Рогозин , который не страдал живостью фантазии, тем не менее отчетливо представил, какие зловещие тучи сгущаются над штольцевской головой.
Схватив «портфель» со всем необходимым, он рванул в аэропорт.
Московская пронизывающая слякоть мгновенно забылась, как только он ступил на теплую, согретую янтарными лучами солнца, крымскую землю.
Через два часа Рогозин уже разыскал своего единственного и непостижимо умудрявшегося попадать в интересные истории друга.
Яков, с трудом уже переносивший последние дни отдыха, как обычно торчал на берегу, созерцая море и философствуя. Казалось, ничто не может вывести его из меланхолии. Однако вид Рогозина, материализовавшегося будто ниоткуда, взбодрил, как ледяной душ.
Насильно включенный необычностью зрелища в рабочее состояние мозг предложил хозяину несколько вариантов логического объяснения появления друга. Но ни один из них не выдерживал никакой критики. Случилось явно что-то настолько неординарное, что совершенно не умещалось в рамки здравого смысла. Смирившись с тем, что сам не додумается, он поднялся навстречу другу. Обнялись. Из пакета Рогозин достал бутылку коньяка и пластиковые стаканы.
- Извини, впопыхах собирался. Некогда было о фужерах думать, - он сделал вид, что извиняется.
Штольцев уже окончательно понял, что случилось что-то серьезное. Родители умерли, родственников нет. Если бы с Варей или Натальей что случилось, с ним бы так не церемонились, а он уже летел бы в Москву. А тут Москва сама пожаловала сюда.
Значит, действительно, нужно выпить. А может быть лучше и присесть.
Сделав импровизированный стол, Рогозин поинтересовался:
- Тебя тут хорошо подлечили? Может корвалольчика вместо спиртного?
- Наливай, иначе меня точно инфаркт хватит. С момента развода ты со мной не был никогда так предупредителен.
- Тебе не стыдно?! А кто с тобой носился, как с писаной торбой и сюда тебя чуть ли не на ручках принес?
- Стыдно! Но сейчас, мне, кажется, будет больно.
- Фу-фу-фу! Не надо стыдно и больно, мы не такие. Мы по женской части однозначно. За это и выпьем. Вернее сначала пьем, а потом тост.
Коньяк, маленькими порциями попадавший в желудок, на своем пути обласкал гортань, согрел то место, где полагается быть душе и позвал себе подкрепление.
Увидев, что выражение лица друга слегка смягчилось, Рогозин налил по новой и торжественно произнес:
- За будущих отцов!
Штольцев недоуменно воззрился на друга.
Это что? Девиз какого –то роддома по пути прочитал?

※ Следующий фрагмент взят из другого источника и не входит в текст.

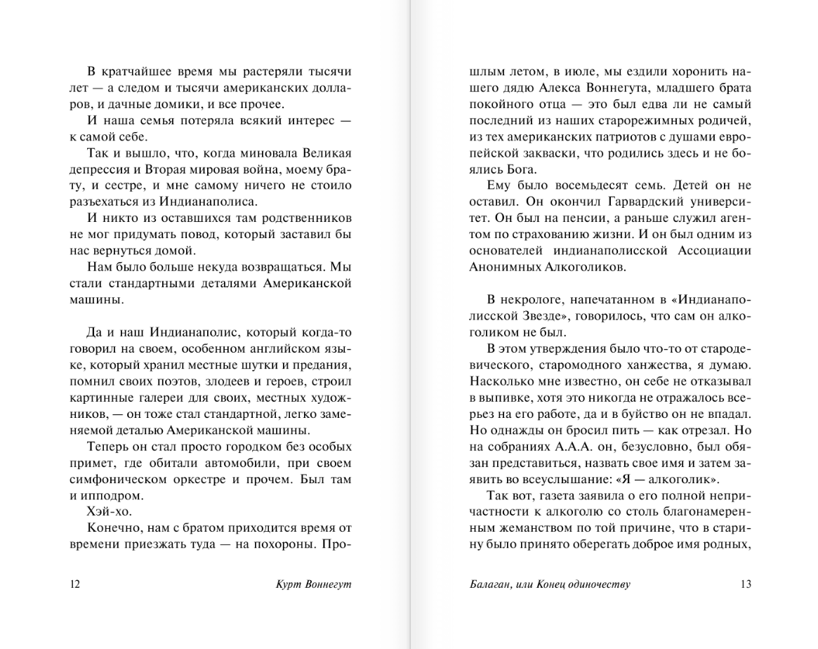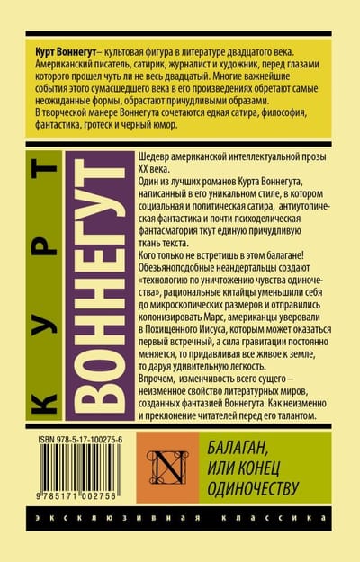 One of the best novels by Kurt Vonnegut, written in his unique style, in which social and political satire, dystopian fiction and almost psychedelic phantasmagoria weave a single bizarre fabric of the text. One can't meet just anyone in this buffoonery. Monkey-like Neanderthals create "technology to destroy the feeling of loneliness", rational Chinese reduced themselves to microscopic size and went to colonize Mars, Americans believe in the Kidnapped Jesus, which may be the first person you meet, and the force of gravity is constantly changing, then pressing all life to the ground, then giving amazing lightness. However, the changeability of all things is an invariable property of literary worlds created by Vonnegut's imagination. Just as readers' adoration of his talent is unchanging.
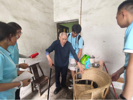 走访两位独居老人时,团队重点关注其生活上的不便:一位因坐骨神经痛行动不便,另一位八旬老人因车祸导致自理能力较弱。了解到他们的子女均在外务工、鲜少回家,但村干部会定期上门配送物资并提供帮扶,切实保障老人的基本生活,让老人感受到热心关怀。
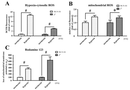 Hypoxia and mitochondrial DNA (mtDNA) affect the production of ROS and loss of mitochondrial membrane potential (Δψm). Intracellular H2O2 production (A); or mitochondrial superoxide (B) under normoxia or after hypoxia for 4 h were determined by flow cytometry with DCFH-DA or MitoSox red individually in both SK-N-AS and ρ0 cells; (C) Loss of mitochondrial membrane potential in normoxic or hypoxic SK-N-AS and ρ0 cells were measured by Rodamine 123. The percentages loss of Δψm indicated the number of Δψm collapsed cells after exposure to hypoxia. These results are shown as mean ± SD of more than three independent experiments. Statistical significance (* p < 0.05, # p < 0.005) was determined using the one-way ANOVA compared to normoxia.
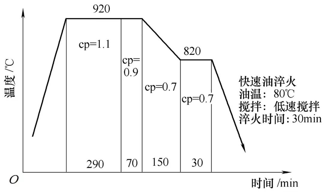 图4是原淬火工艺,换用KR498淬火后,钟形壳的芯部硬度及硬化层深度均达到要求,但仍然有22%的工件变形量超出变形范围。考虑到碳势、渗碳时间、淬火温度及保温时间、淬火油温、搅拌频率等因素对变形的出现有重要影响,所以后期通过适当延长渗碳时间、提高淬火保温区碳势、提高淬火温度及保温时间、降低淬火油温、提高搅拌频率来降低钟形壳内腔的变形量;最终发现采用图5所示热处理工艺时,抽检530只零件,仅5%的零件变形超标,表2为变形超标的0458D型钟形壳热处理后内圈尺寸。
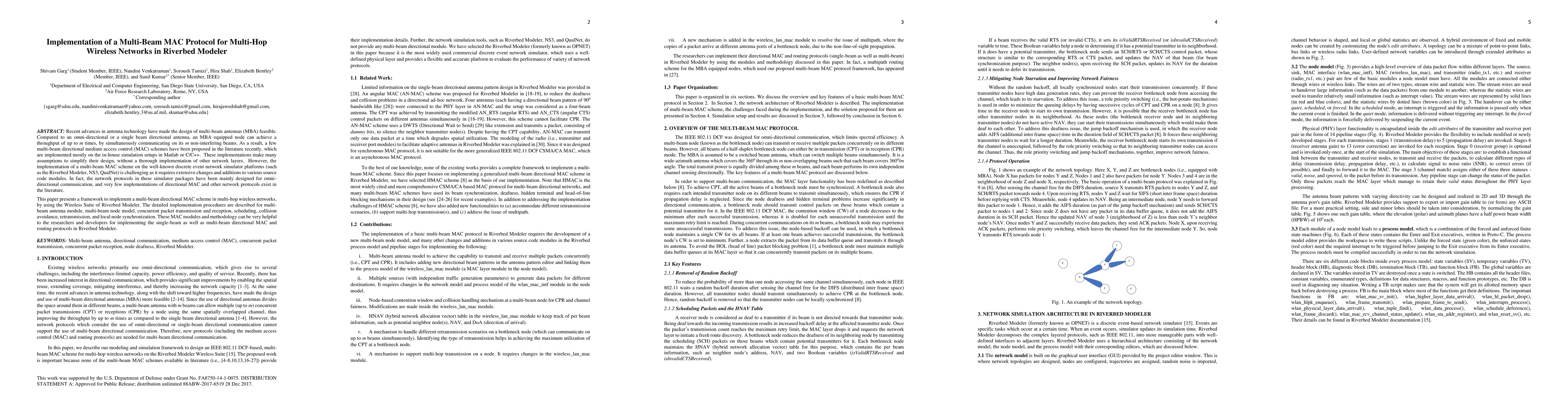 The novelty of this work lies in its comprehensive approach to implementing a multi-beam MAC protocol within the constraints of Riverbed Modeler, providing a practical framework for researchers and developers in the field.
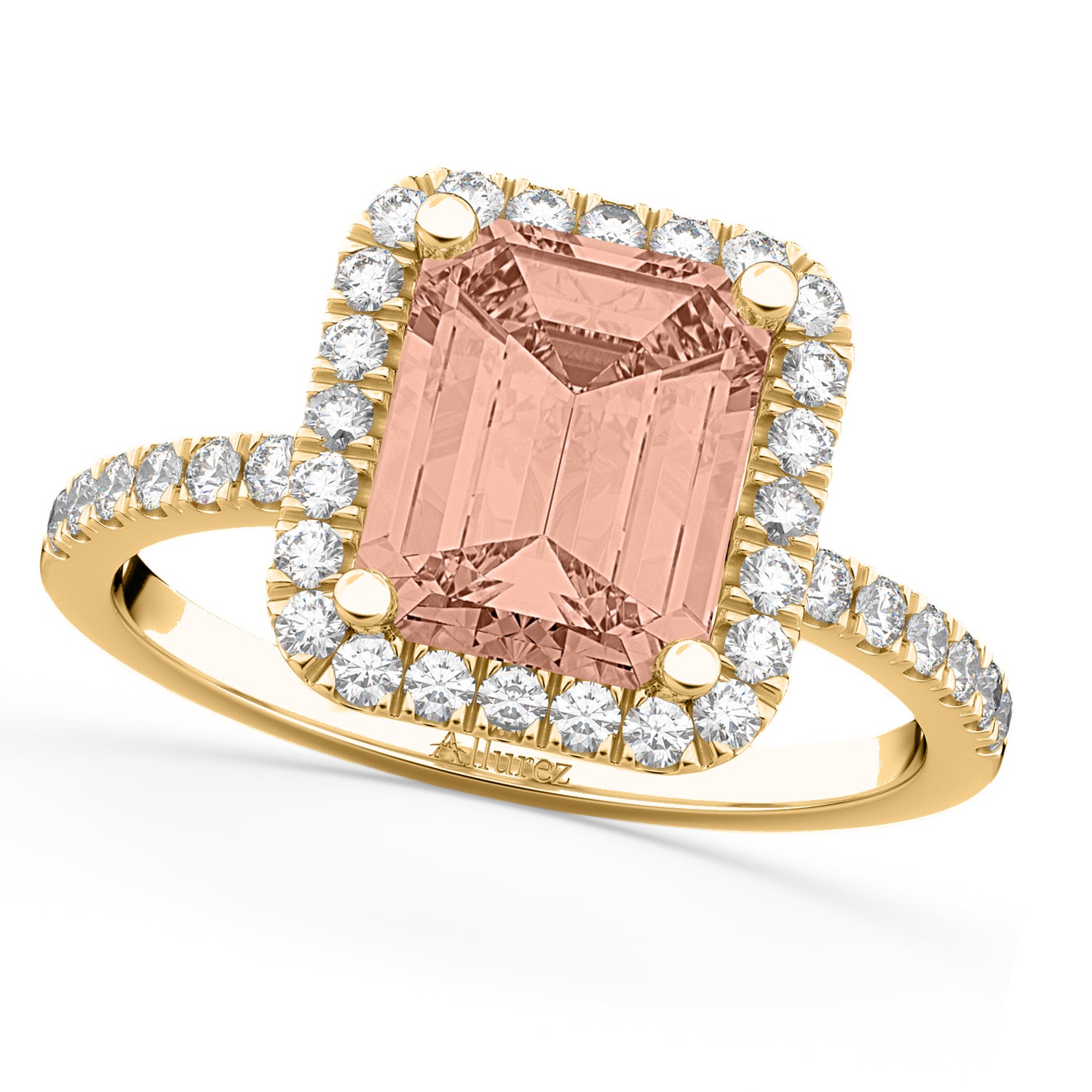 The prong set lab grown diamonds form a border around the Lab Morganite creating a rectangular halo, and also travel halfway down the ring's 18k yellow gold band.

-Нет, за конкретных отцов. Количество – два штуки.
- Кончай, а? Что несешь? Я не уследил за ходом твоих мыслей. Будь добр, изложи, за что пьем.

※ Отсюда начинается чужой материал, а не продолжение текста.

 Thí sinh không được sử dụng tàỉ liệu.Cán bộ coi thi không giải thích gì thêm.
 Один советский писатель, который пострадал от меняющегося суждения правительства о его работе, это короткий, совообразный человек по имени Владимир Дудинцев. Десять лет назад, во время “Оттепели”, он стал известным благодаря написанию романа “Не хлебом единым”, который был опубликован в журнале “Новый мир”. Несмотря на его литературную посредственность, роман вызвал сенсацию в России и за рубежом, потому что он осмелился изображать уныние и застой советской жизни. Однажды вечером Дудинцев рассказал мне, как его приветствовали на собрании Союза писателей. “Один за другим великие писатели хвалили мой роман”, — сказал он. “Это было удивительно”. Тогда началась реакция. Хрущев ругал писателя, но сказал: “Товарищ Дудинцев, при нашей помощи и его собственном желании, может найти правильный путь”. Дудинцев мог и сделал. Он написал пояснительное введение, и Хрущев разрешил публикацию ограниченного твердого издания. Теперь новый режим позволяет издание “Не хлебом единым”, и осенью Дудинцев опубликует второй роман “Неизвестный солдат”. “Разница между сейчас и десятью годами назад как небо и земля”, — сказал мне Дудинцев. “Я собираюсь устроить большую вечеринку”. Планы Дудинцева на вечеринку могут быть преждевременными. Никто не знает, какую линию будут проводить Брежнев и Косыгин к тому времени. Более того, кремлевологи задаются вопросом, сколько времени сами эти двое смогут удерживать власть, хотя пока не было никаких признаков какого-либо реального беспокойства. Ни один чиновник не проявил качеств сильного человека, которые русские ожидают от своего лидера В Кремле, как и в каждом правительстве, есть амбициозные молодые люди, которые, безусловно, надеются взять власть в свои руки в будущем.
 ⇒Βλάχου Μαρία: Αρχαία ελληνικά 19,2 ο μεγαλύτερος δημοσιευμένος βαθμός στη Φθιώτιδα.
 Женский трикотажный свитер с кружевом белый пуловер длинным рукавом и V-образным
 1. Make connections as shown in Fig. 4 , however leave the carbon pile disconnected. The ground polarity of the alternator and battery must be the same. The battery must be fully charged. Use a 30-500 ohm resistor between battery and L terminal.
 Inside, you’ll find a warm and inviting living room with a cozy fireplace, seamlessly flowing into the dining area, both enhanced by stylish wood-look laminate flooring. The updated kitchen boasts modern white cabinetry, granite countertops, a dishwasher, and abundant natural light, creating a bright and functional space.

- За двух отцов! Родного и крестного!
- Натка беременна? Я крестный! – Штольцев от радости чуть не расплескал коньяк и кинулся обнимать друга.
Рогозину было жаль разочаровывать друга, но миссию нужно выполнить побыстрей, так как информация жгла его, как окурок за пазухой.

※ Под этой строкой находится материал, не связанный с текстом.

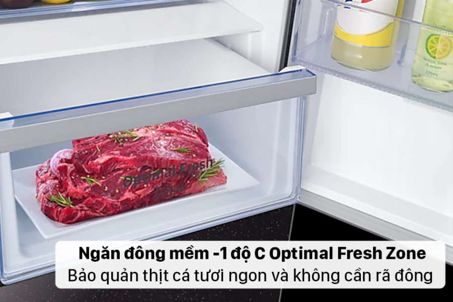 Tủ lạnh Samsung Inverter có ngăn đông mềm Optimal Fresh Zone được thiết kế riêng biệt dạng ngăn kéo với nhiệt độ chuẩn -1 độ C, phù hợp bảo quản thực phẩm tươi sống và không làm đông đá, đảm bảo dưỡng chất của thực phẩm. Đồng thời, người dùng không tốn thời gian rã đông mà có thể lấy ra chế biến ngay khi cần.
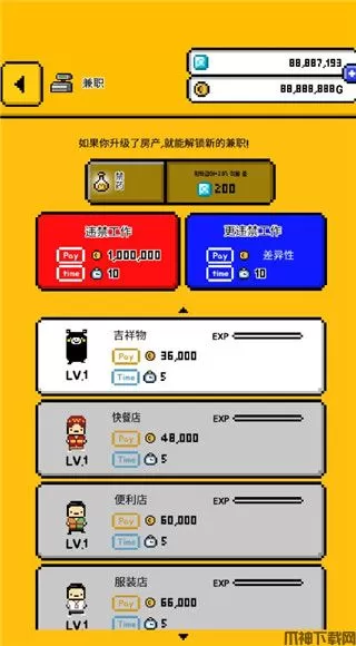 8、目前适合你的兼职只有吉祥物,其余兼职需要升级房产才能解锁
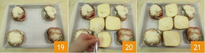 Au fur et à mesure, transférez les sandwichs garnis sur une plaque de cuisson avec du papier sulfurisé 19, ajoutez également les couvercles à part et saupoudrez-les de parmesan 20. Cuire le tout dans un four chaud à 200° pendant environ 10 minutes, puis passez en mode grill à 240° pour quelques minutes 21.
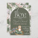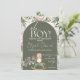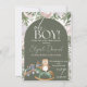 A cute baby shower design of a baby owl in a rocking horse and a choo choo train in green and peach and white colour background with personalisation options.
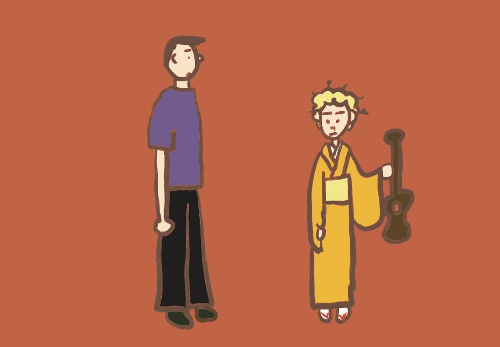 秋らしい色を着たくなったウクレレのお稽古日、先生もそんな気分だったようで、なんだかハロウィンに浮かれているみたいな組み合わせになりました。

- Да Штолян, только порядок не тот. Первый отец – ты, а я крестный.
Осознавая, что Яков все воспринимает как дурацкую шутку, он поспешил облегчить свою душу.
- Анна беременна! И назло тебе собралась замуж за Антона, пока ты тут пузо греешь.
Скрипнув зубами, Штольцев почувствовал, как сердце враз покинуло свое привычное место и прыгнуло в горло, не считаясь с тем, что анатомией не предусмотрены такие перемещения. Ему казалось, что его глухие удары разносятся по всему побережью, нарушая работу эхолотов и прочих чувствительных приборов. Холодный пот выступил на лбу. Говорить он не мог. Схватив коньяк, он попытался снять спазм, готовый удушить его. Казалось, перед глазами понеслась какая-то дикая карусель.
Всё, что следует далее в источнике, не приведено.